Common mistakes with purchase orders

  • Raising POs after the fact (retrospective POs) which defeats the purpose of pre-approval
  • Not closing completed POs which inflates committed spend in reports
  • Vague descriptions that make three-way matching difficult
  • Skipping the PO process for low-value purchases without defining a sensible threshold
  • Not referencing PO numbers on invoices which slows down payment processing

PO-based vs non-PO-based procurement

Not every purchase needs a formal PO. Many businesses define a threshold below which purchases can be made without a PO (for example, under £250). Above that threshold, a PO is mandatory.

ApproachWhen to useRisk
PO-basedHigher value, formal suppliersLow risk, strong controls
Non-PO (expense claim)Low value, ad hoc purchasesModerate risk, less oversight
Corporate cardTravel, subscriptions, small itemsModerate risk, needs receipt reconciliation

The threshold should balance control with efficiency. Setting it too low creates bureaucratic overhead; setting it too high undermines financial discipline.

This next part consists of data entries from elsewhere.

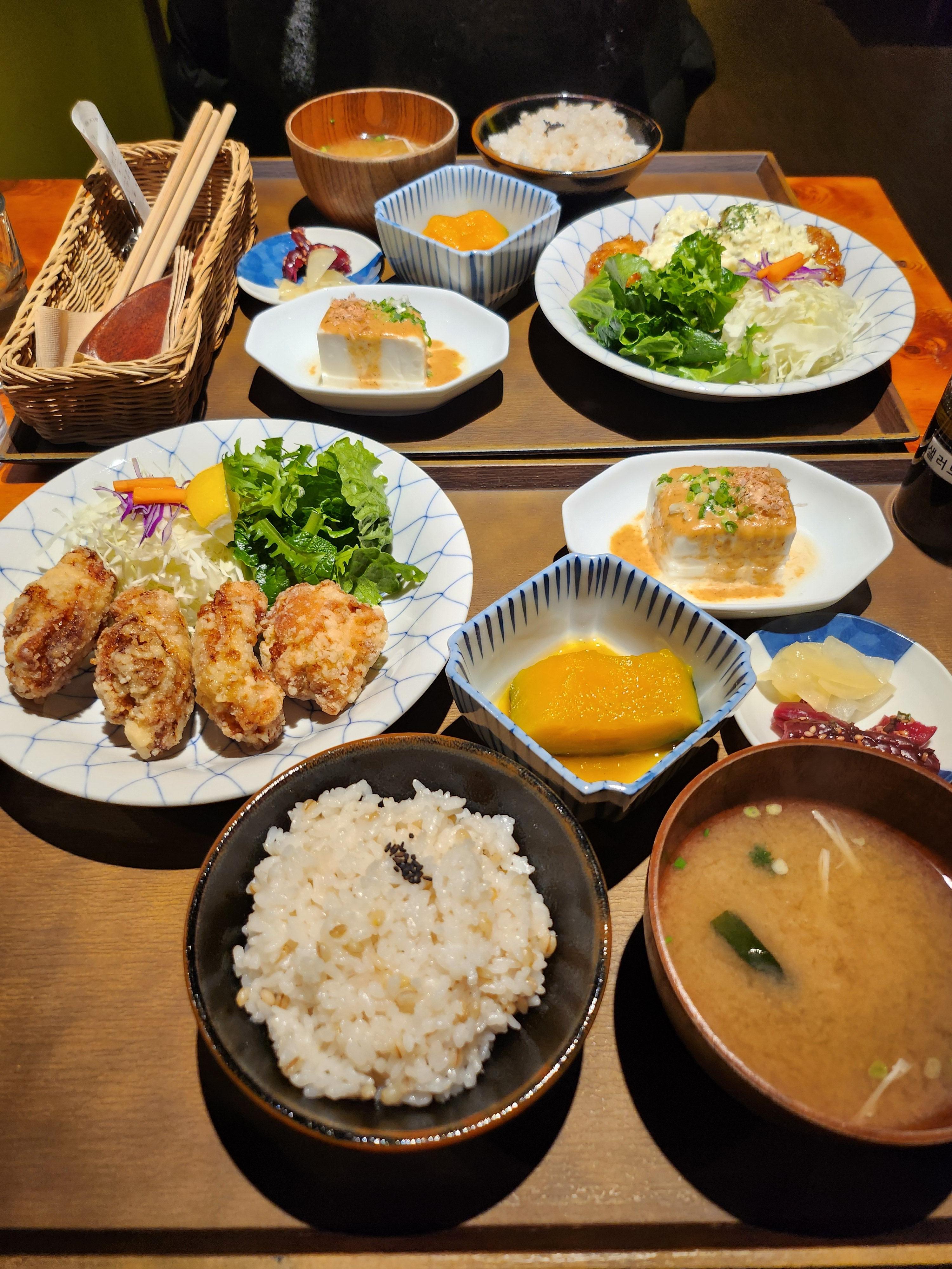 샐러드 드레싱과 후추는 따로 주고 가라아게 정식이랑 치킨난반 정식 비슷해 보이지만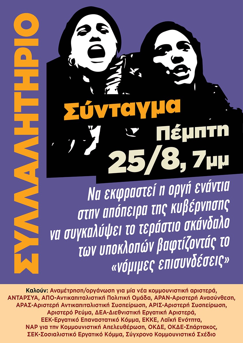 Να εκφραστεί η οργή ενάντια στην απόπειρα της κυβέρνησης να συγκαλύψει αυτό το τεράστιο σκάνδαλο βαφτίζοντας το «νόμιμες επισυνδέσεις».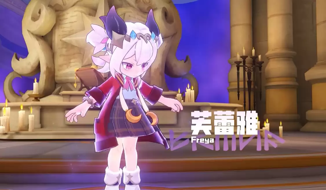 时间的车轮滚滚向前,两百年之后,野心勃勃的黑魔法师恩佐为了获得强大的力量,开始蓄意破坏古老的封印,企图夺取蕴含无穷能量的“巨星之结”。随着封印的松动,沉睡在里面的芙蕾雅感觉到危险,她的残魂从封印中挣脱出来,回到了魔法学院。但是漫长的封印岁月使她大部分的记忆被抹去,只留下了对曾经伟大精灵王和校长的记忆,以及一个执着的本能念头,那就是要把学院的绩点都消化掉。因此,在剧情前期,玩家所看到的芙蕾雅就是整天追着绩点跑、呆萌可爱的萝莉形象,反差萌使无数玩家为之倾心。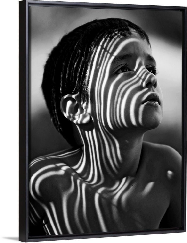 <p>Portrait of a young boy with striped shadows across his face.</p>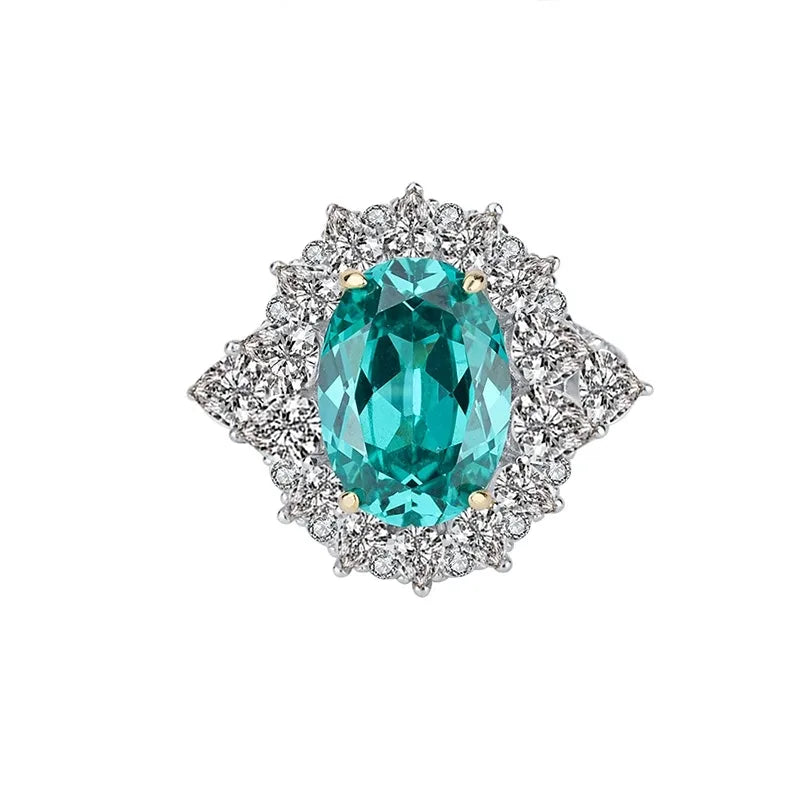 This 10*14mm oval double-layer halo S925 silver Paraiba tourmaline green commitment engagement diamond ring, with the classic oval-cut Paraiba tourmaline as the protagonist, with a unique double-layer halo design, interprets a romantic and beautiful love ode. Every detail shows the sense of design and taste, and it is an excellent choice for women who pursue light luxury temperament.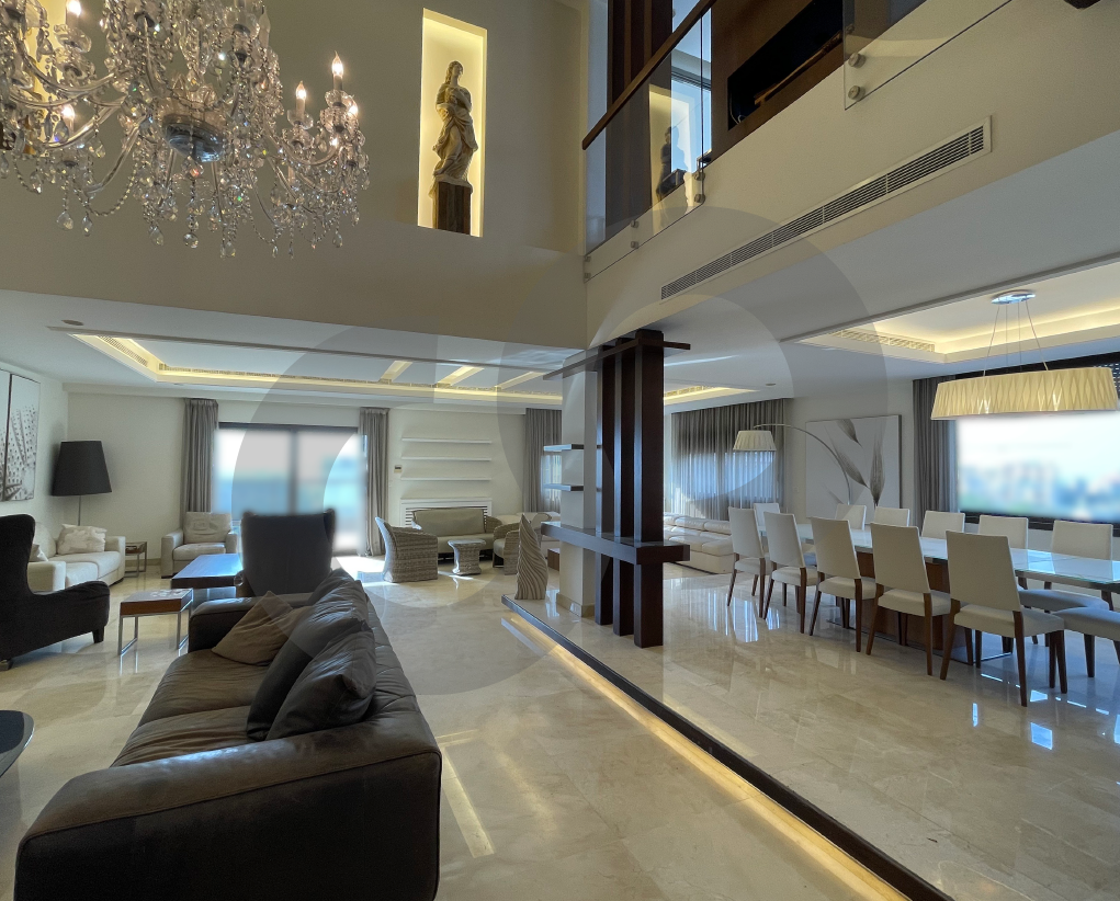 This 600-square-meter luxurious duplex is located in Hazmieh, Mar Takla, just one minute from the highway, and offers an unobstructed city view.

Purchase orders and proforma invoices

A proforma invoice often precedes the purchase order in the buying cycle. The buyer receives a proforma from the supplier, uses it to justify and raise a PO, and then sends the PO back to the supplier to confirm the order.

This sequence provides a complete procurement trail: quotation or proforma, followed by PO, followed by delivery, followed by invoice, followed by payment.